Copy every entry below exactly as it appears, leaving out the images.
———
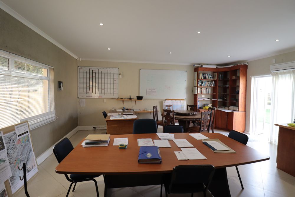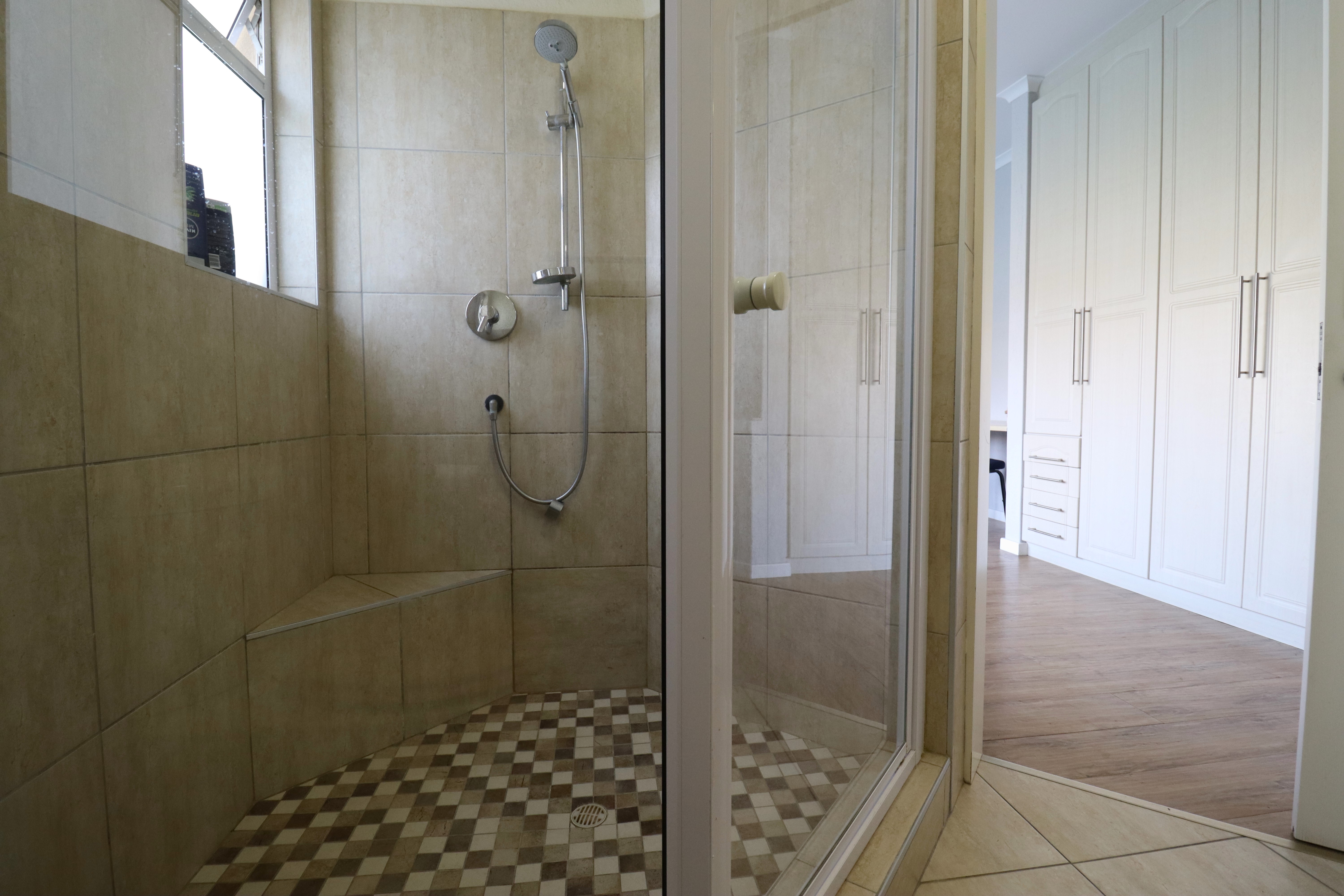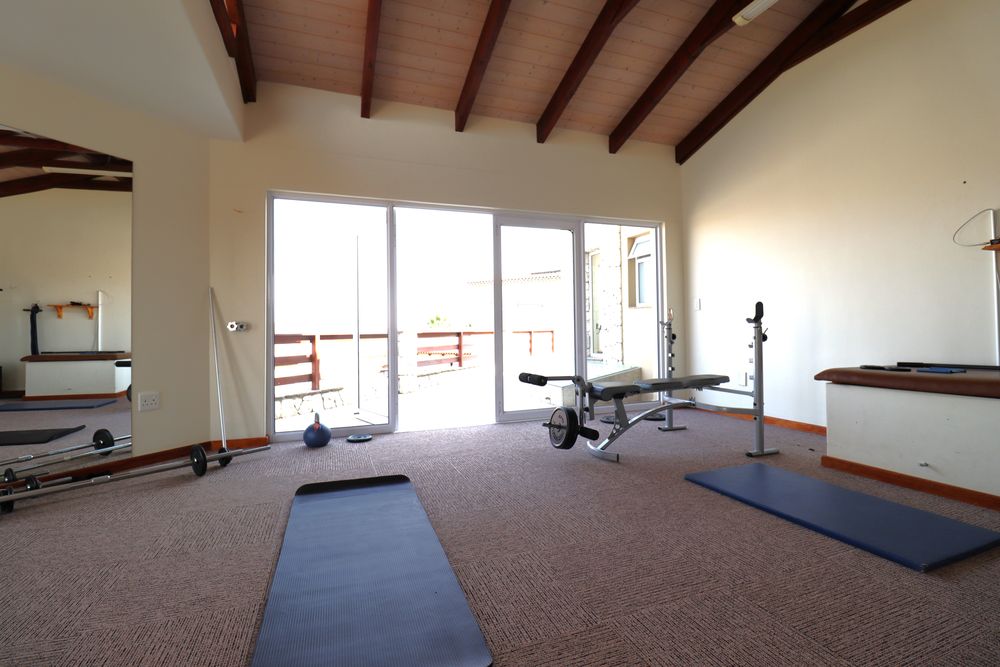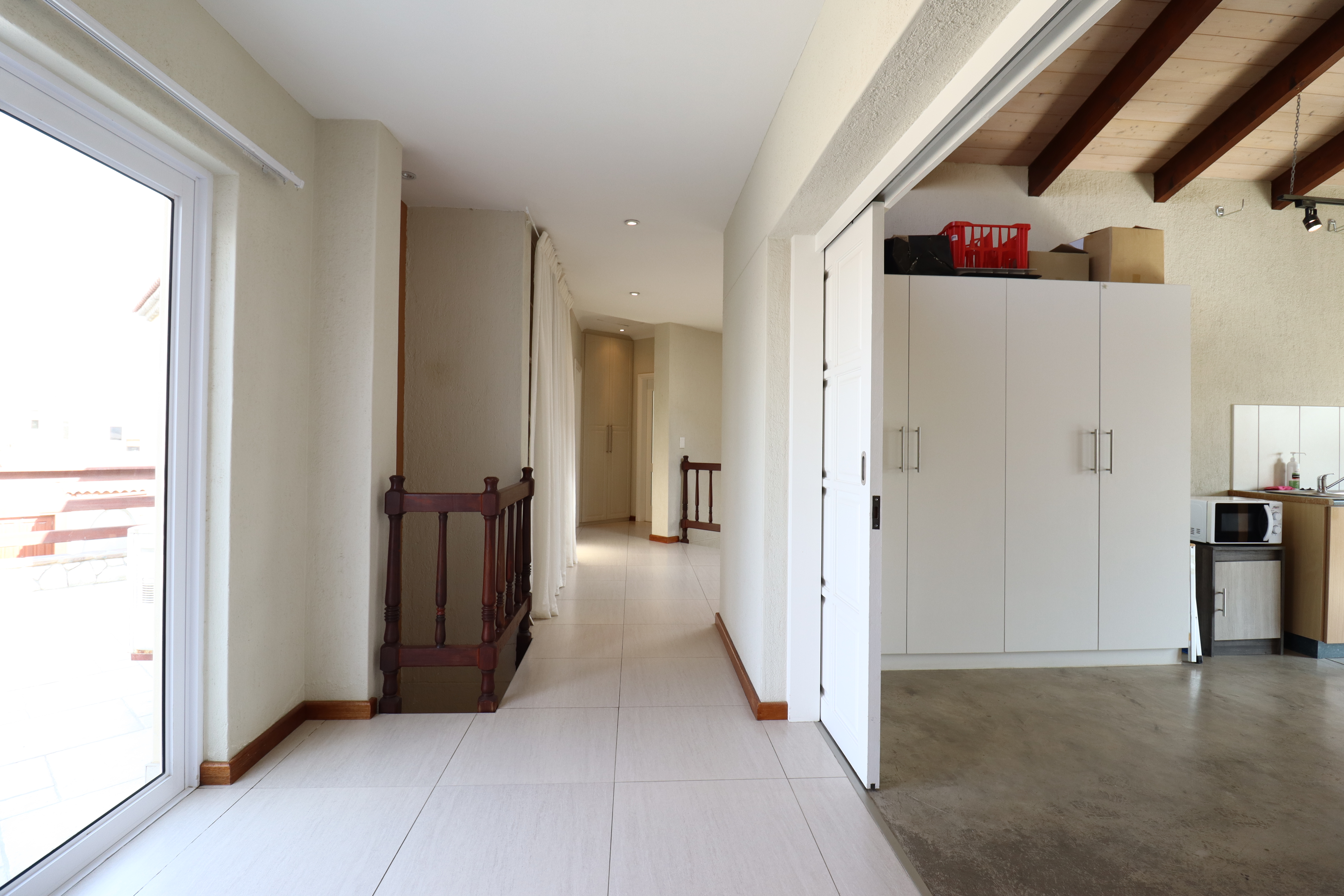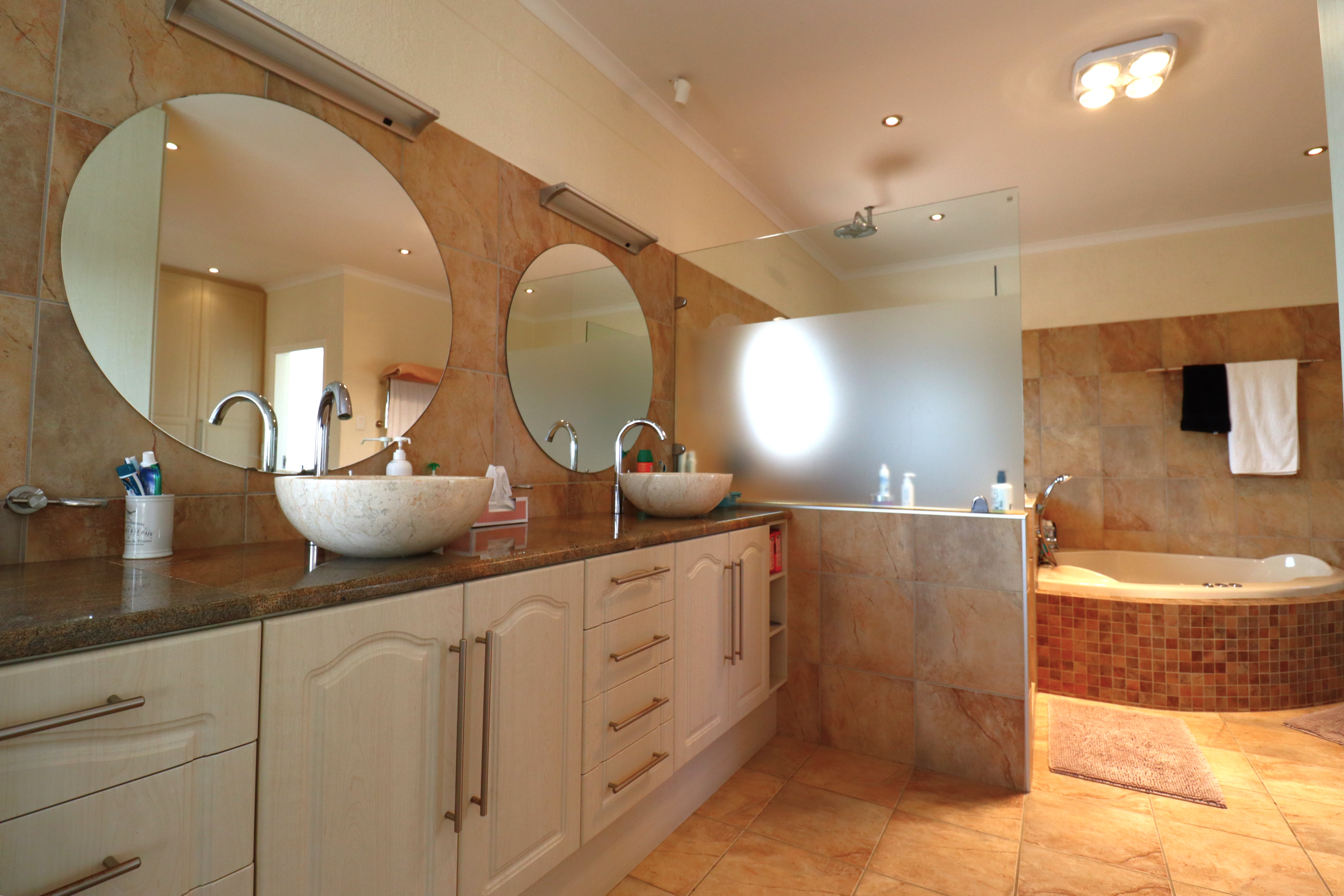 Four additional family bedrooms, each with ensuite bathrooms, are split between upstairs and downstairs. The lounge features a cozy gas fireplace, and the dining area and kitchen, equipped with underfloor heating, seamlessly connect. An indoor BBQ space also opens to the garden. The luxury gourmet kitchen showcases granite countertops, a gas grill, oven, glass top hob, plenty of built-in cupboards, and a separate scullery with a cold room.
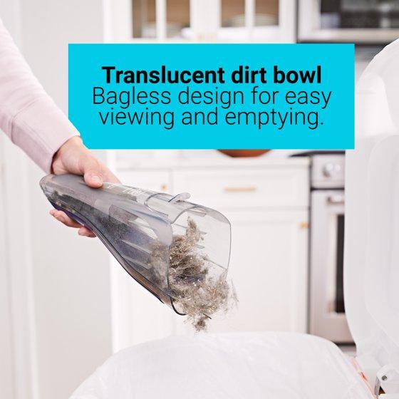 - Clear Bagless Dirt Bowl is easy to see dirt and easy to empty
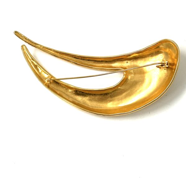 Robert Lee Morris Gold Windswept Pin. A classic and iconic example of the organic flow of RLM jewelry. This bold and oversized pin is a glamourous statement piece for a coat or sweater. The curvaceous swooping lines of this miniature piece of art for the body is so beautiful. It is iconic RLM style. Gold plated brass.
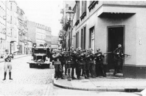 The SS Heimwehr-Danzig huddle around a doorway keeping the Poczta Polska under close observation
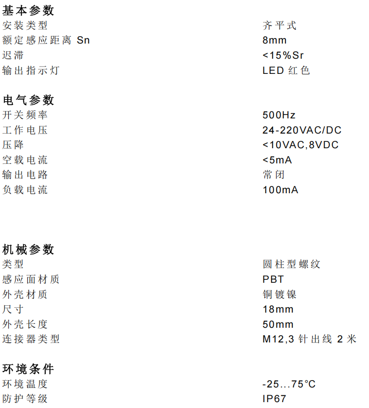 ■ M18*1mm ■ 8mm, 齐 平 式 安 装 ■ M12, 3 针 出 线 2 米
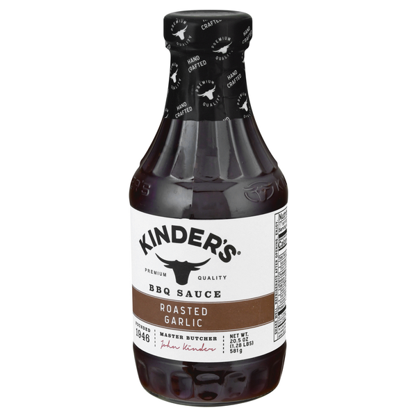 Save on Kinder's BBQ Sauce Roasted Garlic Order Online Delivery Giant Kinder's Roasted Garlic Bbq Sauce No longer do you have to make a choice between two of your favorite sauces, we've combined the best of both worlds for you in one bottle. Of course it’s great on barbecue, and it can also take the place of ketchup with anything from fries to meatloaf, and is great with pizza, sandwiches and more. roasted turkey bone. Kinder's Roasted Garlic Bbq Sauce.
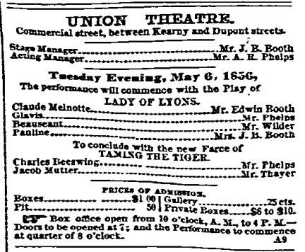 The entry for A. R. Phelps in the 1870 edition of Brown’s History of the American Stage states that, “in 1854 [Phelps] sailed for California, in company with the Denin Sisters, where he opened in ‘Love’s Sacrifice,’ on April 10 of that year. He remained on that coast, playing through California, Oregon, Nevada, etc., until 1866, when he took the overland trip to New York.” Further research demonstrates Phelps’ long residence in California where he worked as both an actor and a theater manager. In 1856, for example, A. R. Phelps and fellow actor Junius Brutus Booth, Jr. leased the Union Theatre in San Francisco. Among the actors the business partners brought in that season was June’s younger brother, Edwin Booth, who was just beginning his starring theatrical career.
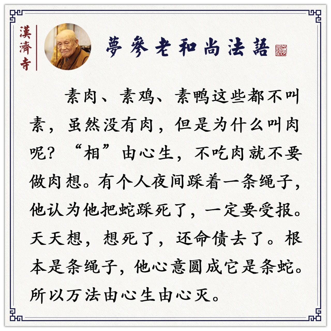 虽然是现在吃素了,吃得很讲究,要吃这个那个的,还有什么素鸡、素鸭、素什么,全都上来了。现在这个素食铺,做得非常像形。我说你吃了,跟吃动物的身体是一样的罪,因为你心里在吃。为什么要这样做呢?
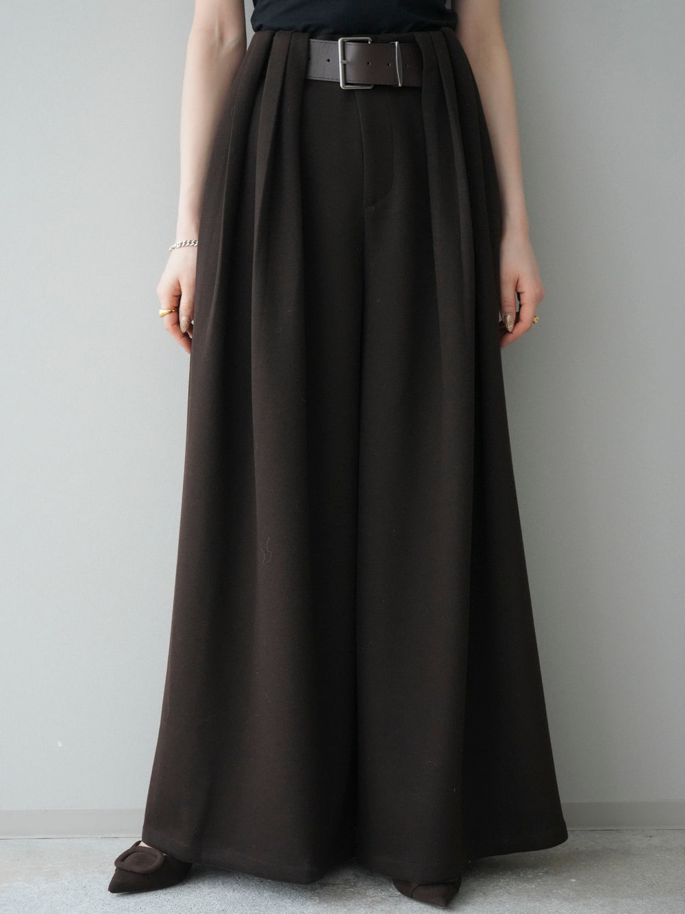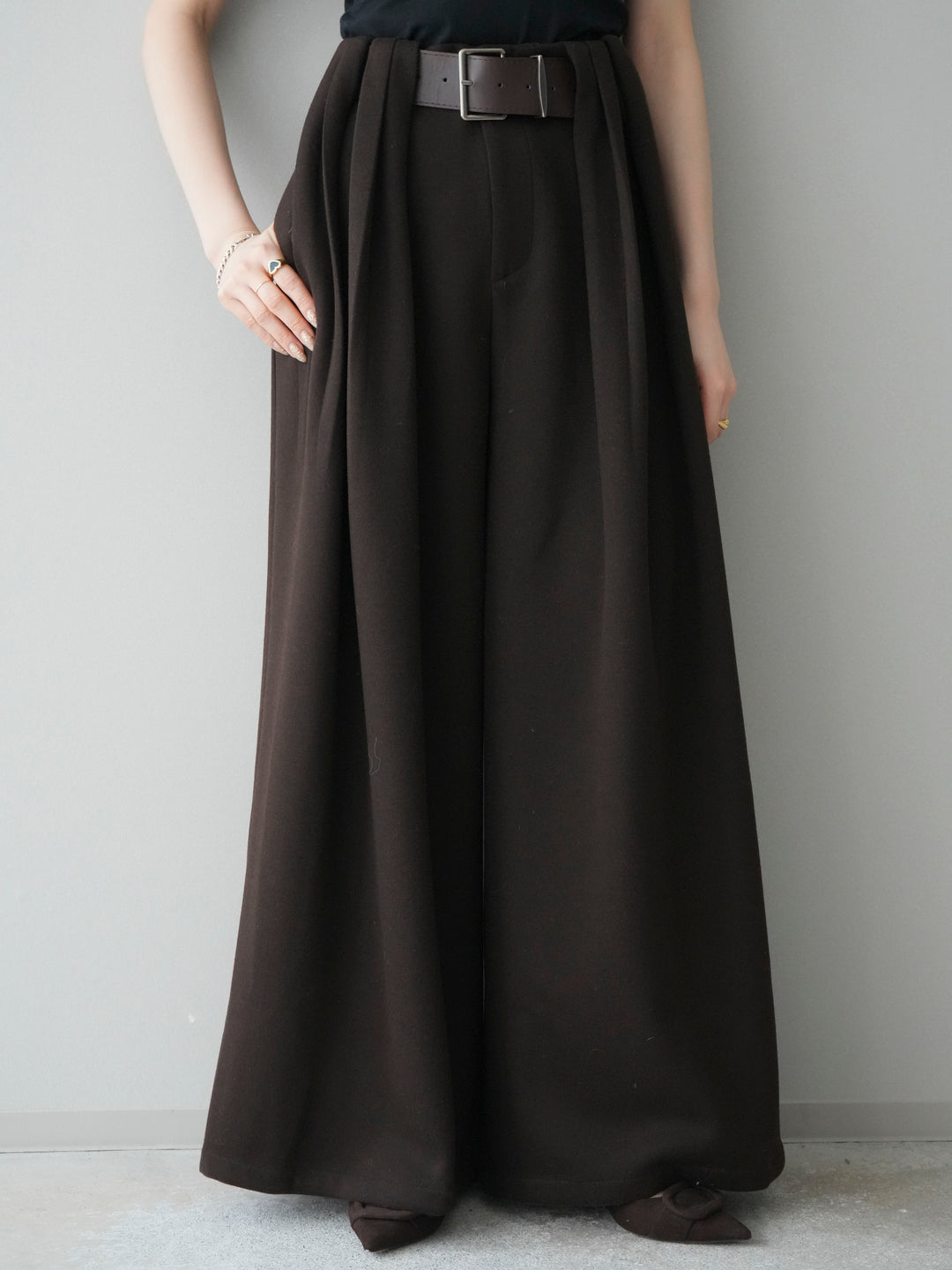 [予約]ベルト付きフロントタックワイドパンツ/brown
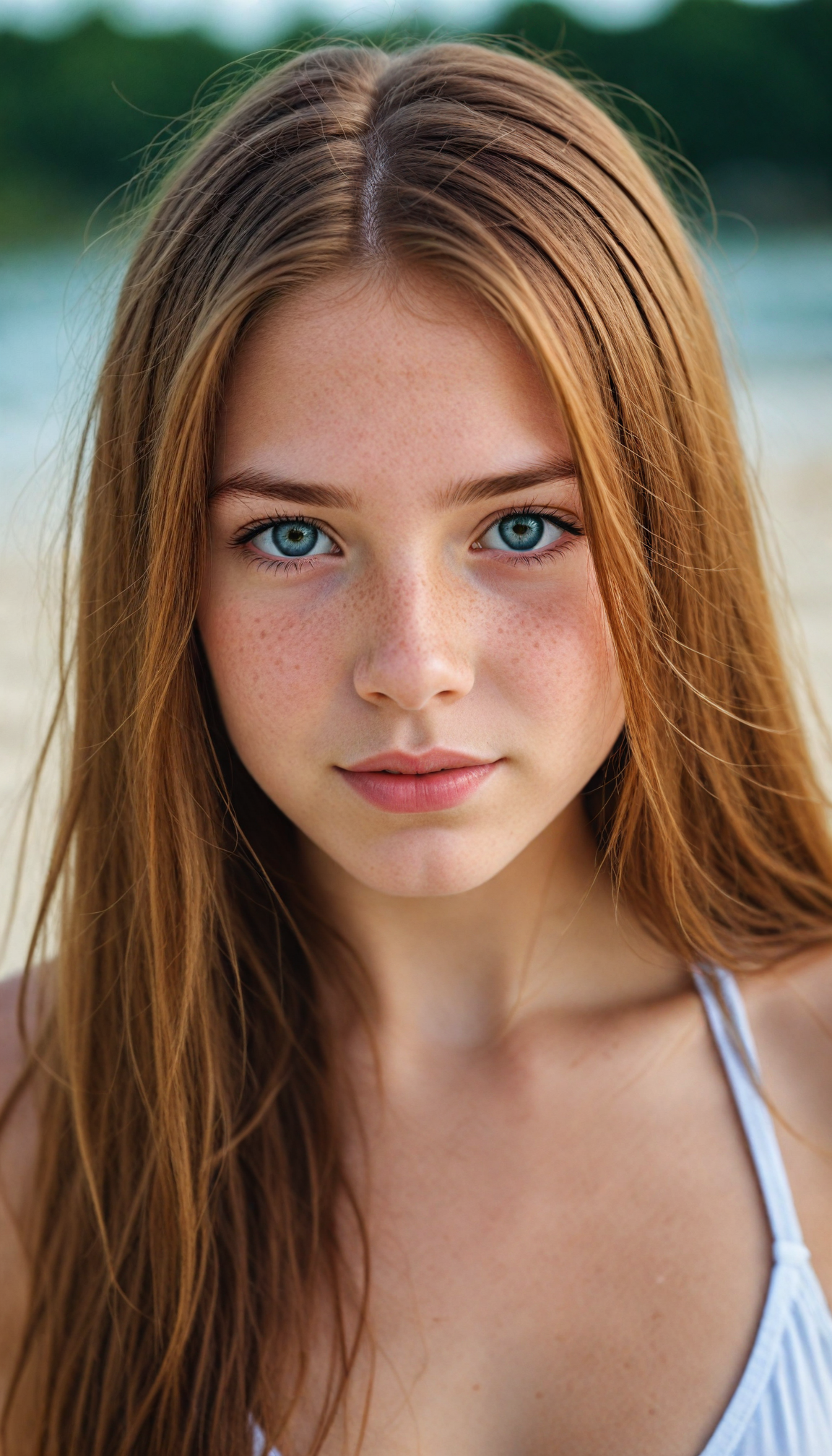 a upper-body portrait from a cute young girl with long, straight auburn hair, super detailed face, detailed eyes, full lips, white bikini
———
* Answer space
 Four additional family bedrooms, each with ensuite bathrooms, are split between upstairs and downstairs. The lounge features a cozy gas fireplace, and the dining area and kitchen, equipped with underfloor heating, seamlessly connect. An indoor BBQ space also opens to the garden. The luxury gourmet kitchen showcases granite countertops, a gas grill, oven, glass top hob, plenty of built-in cupboards, and a separate scullery with a cold room.
 - Clear Bagless Dirt Bowl is easy to see dirt and easy to empty
 Robert Lee Morris Gold Windswept Pin. A classic and iconic example of the organic flow of RLM jewelry. This bold and oversized pin is a glamourous statement piece for a coat or sweater. The curvaceous swooping lines of this miniature piece of art for the body is so beautiful. It is iconic RLM style. Gold plated brass.
 The SS Heimwehr-Danzig huddle around a doorway keeping the Poczta Polska under close observation
 ■ M18*1mm ■ 8mm, 齐 平 式 安 装 ■ M12, 3 针 出 线 2 米
 Save on Kinder's BBQ Sauce Roasted Garlic Order Online Delivery Giant Kinder's Roasted Garlic Bbq Sauce No longer do you have to make a choice between two of your favorite sauces, we've combined the best of both worlds for you in one bottle. Of course it’s great on barbecue, and it can also take the place of ketchup with anything from fries to meatloaf, and is great with pizza, sandwiches and more. roasted turkey bone. Kinder's Roasted Garlic Bbq Sauce.
 The entry for A. R. Phelps in the 1870 edition of Brown’s History of the American Stage states that, “in 1854 [Phelps] sailed for California, in company with the Denin Sisters, where he opened in ‘Love’s Sacrifice,’ on April 10 of that year. He remained on that coast, playing through California, Oregon, Nevada, etc., until 1866, when he took the overland trip to New York.” Further research demonstrates Phelps’ long residence in California where he worked as both an actor and a theater manager. In 1856, for example, A. R. Phelps and fellow actor Junius Brutus Booth, Jr. leased the Union Theatre in San Francisco. Among the actors the business partners brought in that season was June’s younger brother, Edwin Booth, who was just beginning his starring theatrical career.
 虽然是现在吃素了,吃得很讲究,要吃这个那个的,还有什么素鸡、素鸭、素什么,全都上来了。现在这个素食铺,做得非常像形。我说你吃了,跟吃动物的身体是一样的罪,因为你心里在吃。为什么要这样做呢?
 [予約]ベルト付きフロントタックワイドパンツ/brown
 a upper-body portrait from a cute young girl with long, straight auburn hair, super detailed face, detailed eyes, full lips, white bikini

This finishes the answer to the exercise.